■ Exercise instructions
Return each entry below exactly. Skip the images.

■ The data
[Start of section]

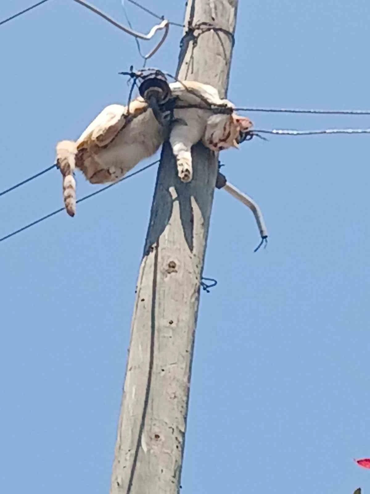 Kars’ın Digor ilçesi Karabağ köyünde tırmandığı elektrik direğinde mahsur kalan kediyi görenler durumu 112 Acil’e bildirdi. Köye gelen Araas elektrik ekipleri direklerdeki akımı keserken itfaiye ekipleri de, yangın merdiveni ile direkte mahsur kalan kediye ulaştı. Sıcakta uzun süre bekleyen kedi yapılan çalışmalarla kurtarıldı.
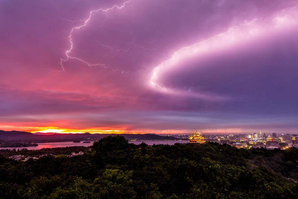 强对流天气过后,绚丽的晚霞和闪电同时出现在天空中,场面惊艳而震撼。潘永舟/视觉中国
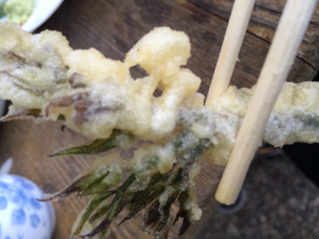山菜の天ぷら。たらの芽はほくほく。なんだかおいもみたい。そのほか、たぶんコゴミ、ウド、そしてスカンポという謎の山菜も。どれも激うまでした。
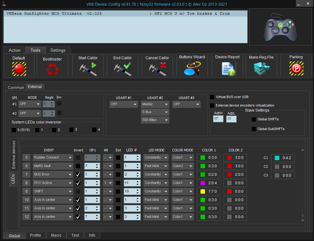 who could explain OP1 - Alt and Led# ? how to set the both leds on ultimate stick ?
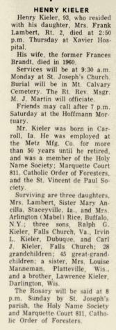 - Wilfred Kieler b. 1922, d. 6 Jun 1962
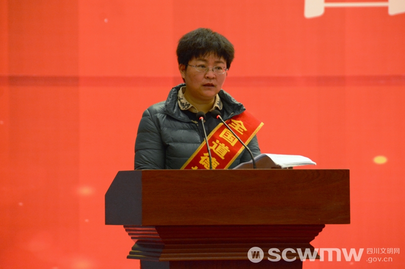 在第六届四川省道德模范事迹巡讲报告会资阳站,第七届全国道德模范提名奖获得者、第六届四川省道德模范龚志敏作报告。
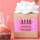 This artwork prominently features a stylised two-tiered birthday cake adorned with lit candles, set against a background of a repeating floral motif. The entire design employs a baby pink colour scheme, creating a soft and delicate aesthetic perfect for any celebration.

[End of section]

■ Answer
 Kars’ın Digor ilçesi Karabağ köyünde tırmandığı elektrik direğinde mahsur kalan kediyi görenler durumu 112 Acil’e bildirdi. Köye gelen Araas elektrik ekipleri direklerdeki akımı keserken itfaiye ekipleri de, yangın merdiveni ile direkte mahsur kalan kediye ulaştı. Sıcakta uzun süre bekleyen kedi yapılan çalışmalarla kurtarıldı.
 强对流天气过后,绚丽的晚霞和闪电同时出现在天空中,场面惊艳而震撼。潘永舟/视觉中国
山菜の天ぷら。たらの芽はほくほく。なんだかおいもみたい。そのほか、たぶんコゴミ、ウド、そしてスカンポという謎の山菜も。どれも激うまでした。
 who could explain OP1 - Alt and Led# ? how to set the both leds on ultimate stick ?
 - Wilfred Kieler b. 1922, d. 6 Jun 1962
 在第六届四川省道德模范事迹巡讲报告会资阳站,第七届全国道德模范提名奖获得者、第六届四川省道德模范龚志敏作报告。
 This artwork prominently features a stylised two-tiered birthday cake adorned with lit candles, set against a background of a repeating floral motif. The entire design employs a baby pink colour scheme, creating a soft and delicate aesthetic perfect for any celebration.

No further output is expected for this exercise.